Михаил остался один. Он мог бы радоваться: так или иначе, экзамен сдан, вход в эту железную партию найден. Завтра с пяти до семи... Но не тут-то было. Товарищ Егор уже, наверное, успел позабыть о неприятном болтуне, а Михаил, все еще стоя у светлого окошка, заново переживал свое объяснение. Его не поняли. Его боль, отчаяние, наконец, особые мысли спокойно зарегистрировали. Партия живет своей жизнью, жизнью хорошо налаженной. Можно войти, но обязательно через двери, подчиняясь распорядку, без сцен. Хотя товарищ Егор отвечал лаконично, Михаил хорошо понял язык его металлических глаз. Урок был дан. Самое большое, на что он может рассчитывать, это на безразличие: не будут замечать особенности и обособленности. То, что он - Михаил, непохожий на Тему, на всех Тем мира, до поры до времени ему прощают, и предложат скучнейшее дело: например, расклеивать на заборах воззвания. Член номер такой-то. Здесь даже не могло быть «случая», эффектного жеста, подвига, героизма, автомобиля, кокетливых барышень - ничего. Сухая победа, похожая на топот вот этих солдатских сапог, когда лиц не видно, только ноги, сумма ног, масса...

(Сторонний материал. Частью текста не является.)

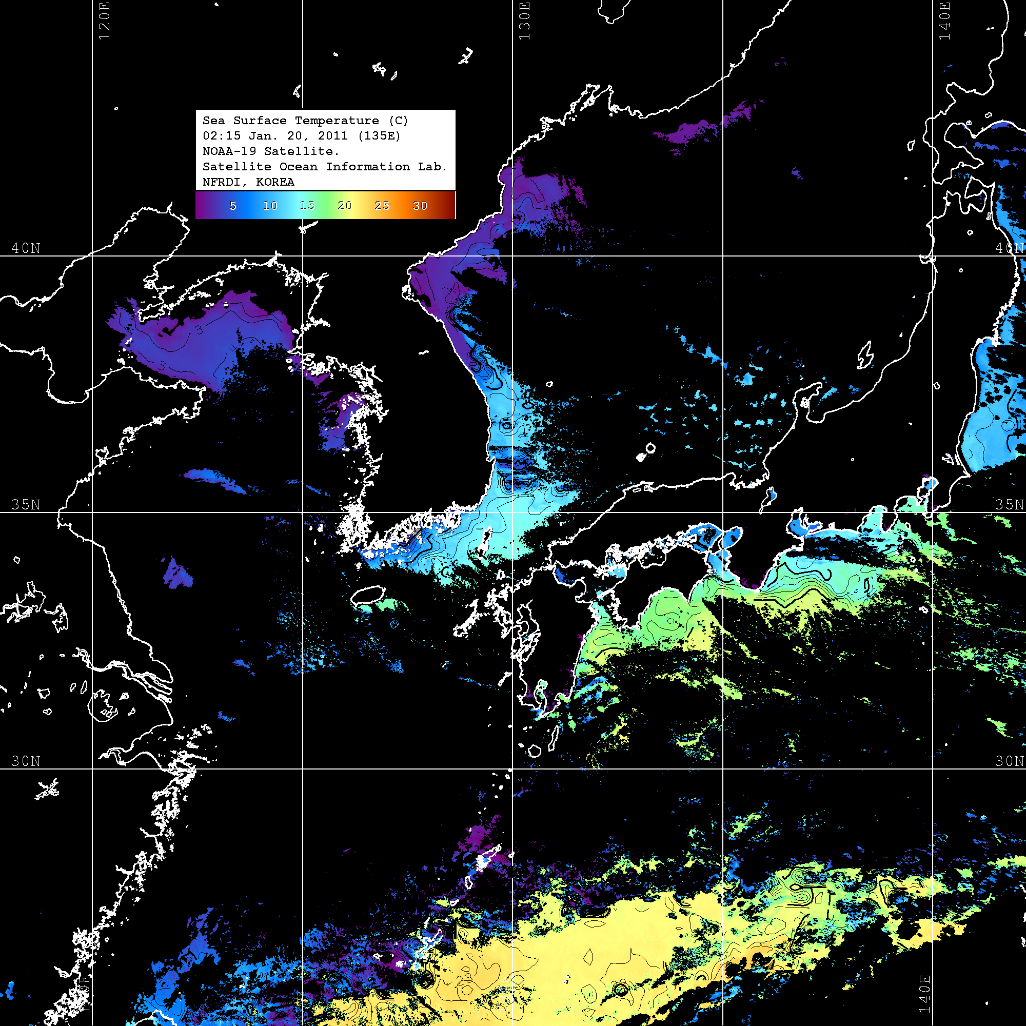o 2011년 01월 20일 02시 15분 NOAA-19호 위성영상입니다. o 수온분포는 범례를 참고하시기 바랍니다. o 검은색은 구름을 나타냅니다. o 그림을 클릭하시면 크게 보실 수 있습니다.

Думая так, Михаил курил папиросу за папиросой, и раздумья его были прерваны одним из топотавших землячков с традиционным паролем тех бесспичечных лет: «Прикурить разрешите». Михаил вдруг в бешенстве отвел руку с папиросой.

- А ты большевик?

- Если касательно замирения — оно конечно...

- «Оно конечно»! Шкура! Видишь, что это?

Михаил вертел перед глазами перепуганного землячка клочок бумажки, на котором было записано имя секретаря райкома.

- Думаешь, на цигарки? Здесь вся твоя партия. А я ее к черту!

В полном беспамятстве Михаил рвал бумажку на мельчайшие доли и клочочки швырял в лицо солдату:

- Нет твоей партии! Вышла! А мне... А мне наплевать... Извозчик!..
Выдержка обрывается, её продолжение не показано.